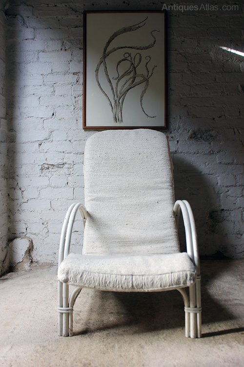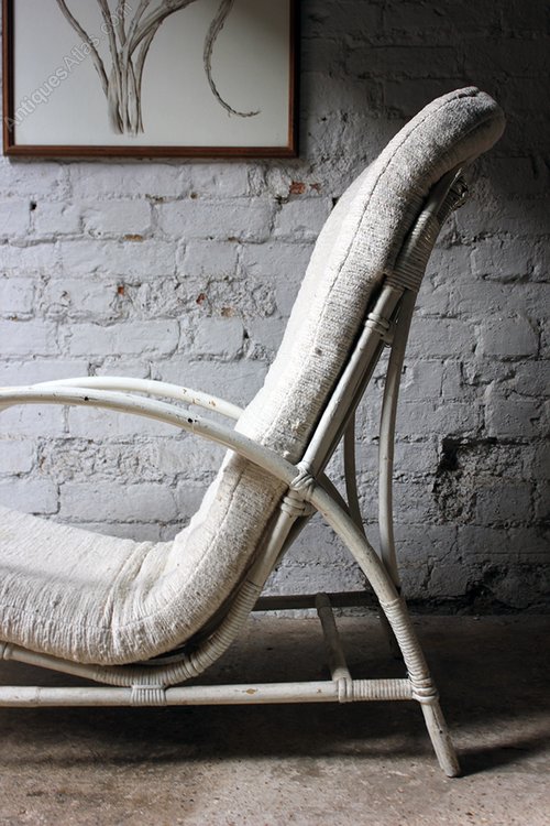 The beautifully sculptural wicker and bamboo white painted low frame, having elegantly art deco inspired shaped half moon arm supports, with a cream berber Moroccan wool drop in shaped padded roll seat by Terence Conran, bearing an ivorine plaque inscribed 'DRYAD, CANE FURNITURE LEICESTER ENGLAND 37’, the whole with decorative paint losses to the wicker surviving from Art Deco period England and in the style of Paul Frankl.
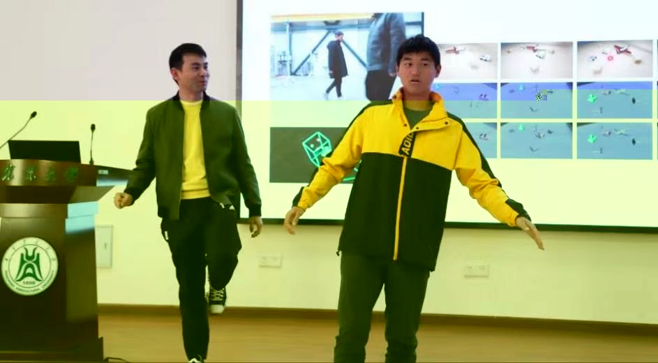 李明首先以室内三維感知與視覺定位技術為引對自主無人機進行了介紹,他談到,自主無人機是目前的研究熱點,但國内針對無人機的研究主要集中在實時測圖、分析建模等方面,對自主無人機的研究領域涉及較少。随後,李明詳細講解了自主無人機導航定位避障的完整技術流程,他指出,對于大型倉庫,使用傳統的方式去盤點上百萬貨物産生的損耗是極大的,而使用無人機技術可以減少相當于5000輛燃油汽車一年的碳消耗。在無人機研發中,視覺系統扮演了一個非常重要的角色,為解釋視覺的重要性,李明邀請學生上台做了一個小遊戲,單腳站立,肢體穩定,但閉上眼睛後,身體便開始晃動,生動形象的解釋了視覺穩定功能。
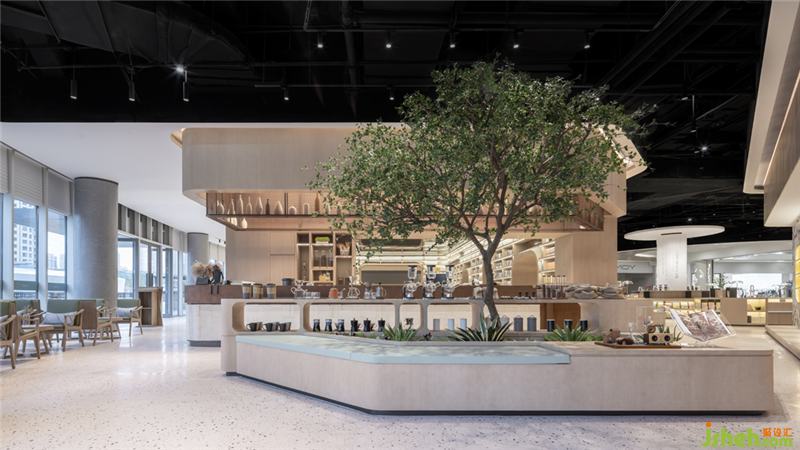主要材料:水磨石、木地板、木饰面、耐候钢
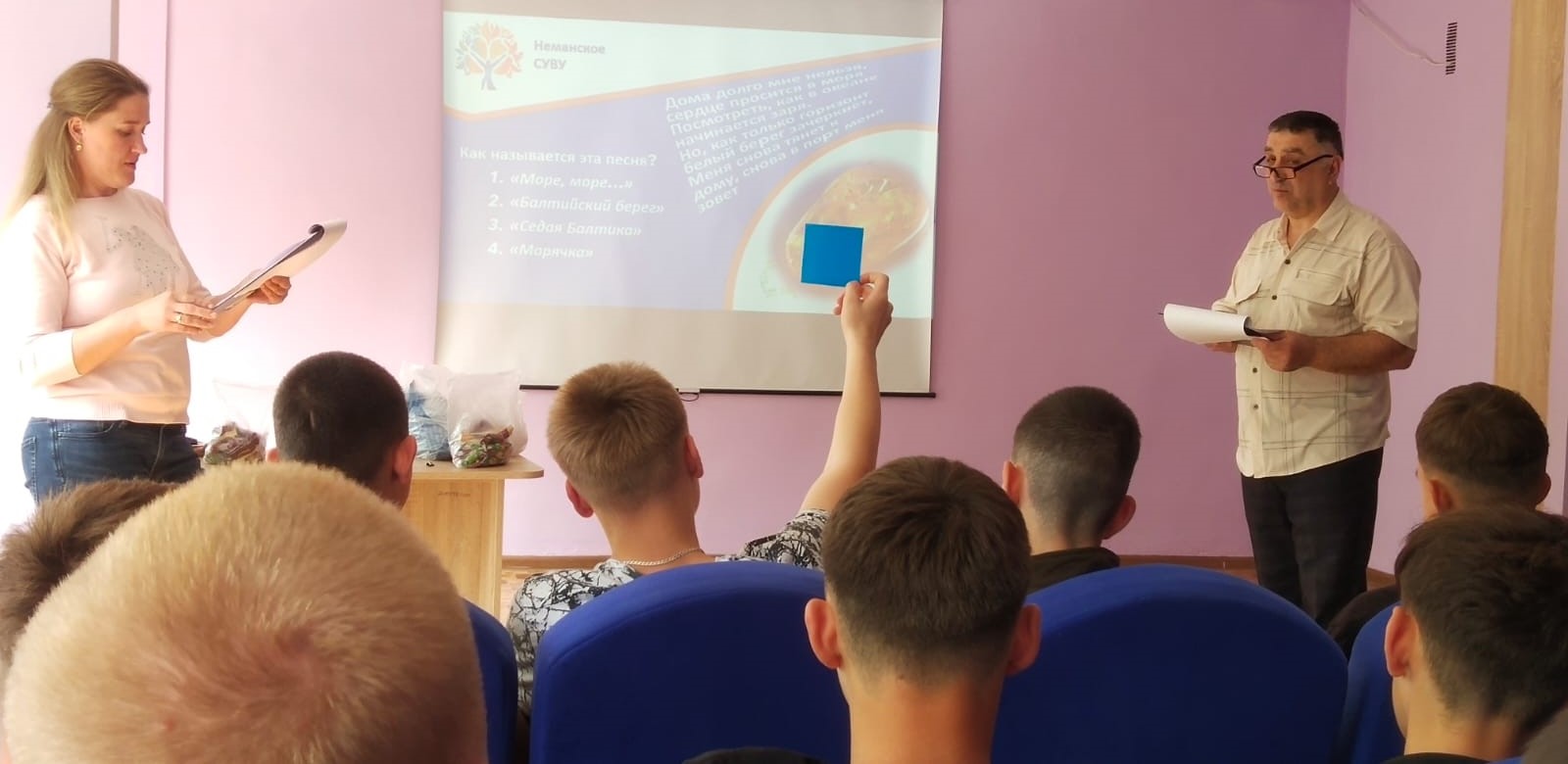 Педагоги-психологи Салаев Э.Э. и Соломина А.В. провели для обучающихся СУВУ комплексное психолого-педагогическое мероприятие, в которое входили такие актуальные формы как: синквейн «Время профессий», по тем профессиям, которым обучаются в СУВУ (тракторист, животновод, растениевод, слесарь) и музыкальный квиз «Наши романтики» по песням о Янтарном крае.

◆ ◆ ◆

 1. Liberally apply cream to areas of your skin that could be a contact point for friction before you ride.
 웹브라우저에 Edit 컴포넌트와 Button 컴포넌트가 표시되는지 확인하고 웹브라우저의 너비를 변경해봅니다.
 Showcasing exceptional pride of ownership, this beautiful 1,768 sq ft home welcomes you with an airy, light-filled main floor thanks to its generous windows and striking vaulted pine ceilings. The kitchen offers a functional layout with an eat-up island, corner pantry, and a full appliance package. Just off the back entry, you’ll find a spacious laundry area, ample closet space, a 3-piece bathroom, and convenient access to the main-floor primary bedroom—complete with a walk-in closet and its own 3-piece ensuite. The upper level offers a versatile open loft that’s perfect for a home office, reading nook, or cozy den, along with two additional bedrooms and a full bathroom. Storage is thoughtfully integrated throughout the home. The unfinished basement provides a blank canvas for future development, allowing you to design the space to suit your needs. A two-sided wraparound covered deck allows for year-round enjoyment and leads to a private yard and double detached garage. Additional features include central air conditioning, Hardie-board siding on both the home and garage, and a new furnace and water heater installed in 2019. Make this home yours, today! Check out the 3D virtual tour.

◆ ◆ ◆

__Task to complete__
In the entries above, find the line holding "1. Liberally apply" and the line holding "웹브라우저에 Edit 컴포넌트와", then retype exactly those two lines and every line between them, and nothing else.

__Expected answer__
 1. Liberally apply cream to areas of your skin that could be a contact point for friction before you ride.
 웹브라우저에 Edit 컴포넌트와 Button 컴포넌트가 표시되는지 확인하고 웹브라우저의 너비를 변경해봅니다.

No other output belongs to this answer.